Problems about extra_capsnets
Hello!
I downloaded the extra_capsnets.ipynb and try to run it.
In the Training part, no matter how many epochs it trained, the Val accuracy is always about 10%.
I failed to find why it doesn't work in training although I checked some instructions and the dataset.
I tried to change parameters like the batch_size to find the reason, and it also doesn't work.
I wonder why it happened and how I can restore it. Thank you very much!
Hi . I have run "extra_capsnets" and the is no problem and accuracy was about 99% did you used the original MNIST from tensorflow?
Hi . I have run "extra_capsnets" and the is no problem and accuracy was about 99% did you used the original MNIST from tensorflow?
Hi!em...you mean the original MNIST?
i just run these codes as the notebook originally wrote to load the MNIST
from tensorflow.examples.tutorials.mnist import input_data
mnist = input_data.read_data_sets("/tmp/data/")
and it is the MNIST load api in tensorflow. I also try to change the directory and it doesn't work.
Now I just download this notebook and don't change anything, just run it, it shows:
I don't know why ... that's annoying :(
Hi @CCCCCaO ,
I could not reproduce the problem, I also get 99% accuracy.

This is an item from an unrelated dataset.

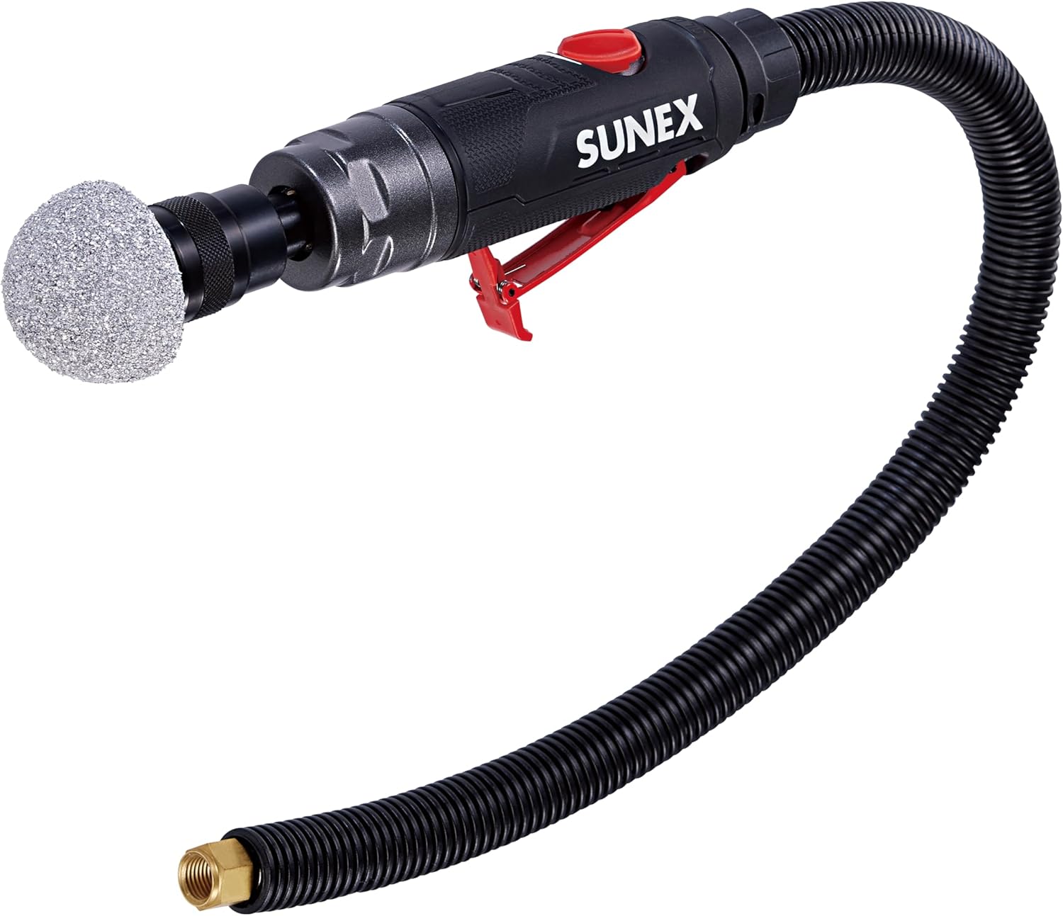 The SUNEX Tools SX8202 0.5HP Tire Buffer delivers precision, control, and power for professional tire repair and preparation. Engineered with a strong 0.5 horsepower motor, this compact pneumatic tool provides consistent torque and a free speed of 3,600 RPM—ideal for buffing, patching, and surface texturing. The 5/16" hex quick-change chuck allows fast, tool-free accessory swaps, while the adjustable power regulator offers precise speed control to match each task. Its lightweight composite housing and ergonomic overmold grip reduce vibration and fatigue, making it comfortable for extended use. Designed with safety and efficiency in mind, the SX8202 features a safety lock-off trigger to prevent accidental starts and runs on just 3.5 CFM at 90 PSI. The 9-inch compact frame makes it easy to maneuver in tight spaces around wheels and sidewalls. Whether you're working in a tire shop, fleet maintenance bay, or mobile repair van, the SUNEX SX8202 combines performance, durability, and user comfort to meet the demands of daily tire service.

Perhaps the problem is that there is some instability in the training algorithm, so sometimes it works, and sometimes it doesn't. To make sure it works, try using exactly the code in the Jupyter notebook, including the random seed.
Another possibility is if you're running the code on a GPU: some TensorFlow methods are not deterministic (see my video on this topic). In this case, I'm afraid you will need to try various hyperparameter tweaks, and perhaps changing the random seed, and hope for the best. Or just deactivate the GPU, just to see if that's the problem. You can do that by setting the NVIDIA_VISIBLE_DEVICES to an empty string.
Hope this helps.
Hi @CCCCCaO , I could not reproduce the problem, I also get 99% accuracy. Perhaps the problem is that there is some instability in the training algorithm, so sometimes it works, and sometimes it doesn't. To make sure it works, try using exactly the code in the Jupyter notebook, including the random seed. Another possibility is if you're running the code on a GPU: some TensorFlow methods are not deterministic (see my video on this topic). In this case, I'm afraid you will need to try various hyperparameter tweaks, and perhaps changing the random seed, and hope for the best. Or just deactivate the GPU, just to see if that's the problem. You can do that by setting the
NVIDIA_VISIBLE_DEVICESto an empty string. Hope this helps.
Yes,it was runned on a GPU and i found that the occupied video memory when training is abnormal. When i am using a GTX1060(6GB), the occupied VRM was about 4GB and when i run it in the lab's workstation using a RTX2080(8GB), the occupied VRM was about 6GB. Maybe the random seeds or some other problems happened? Thanks for your advice! I'll try to find out why.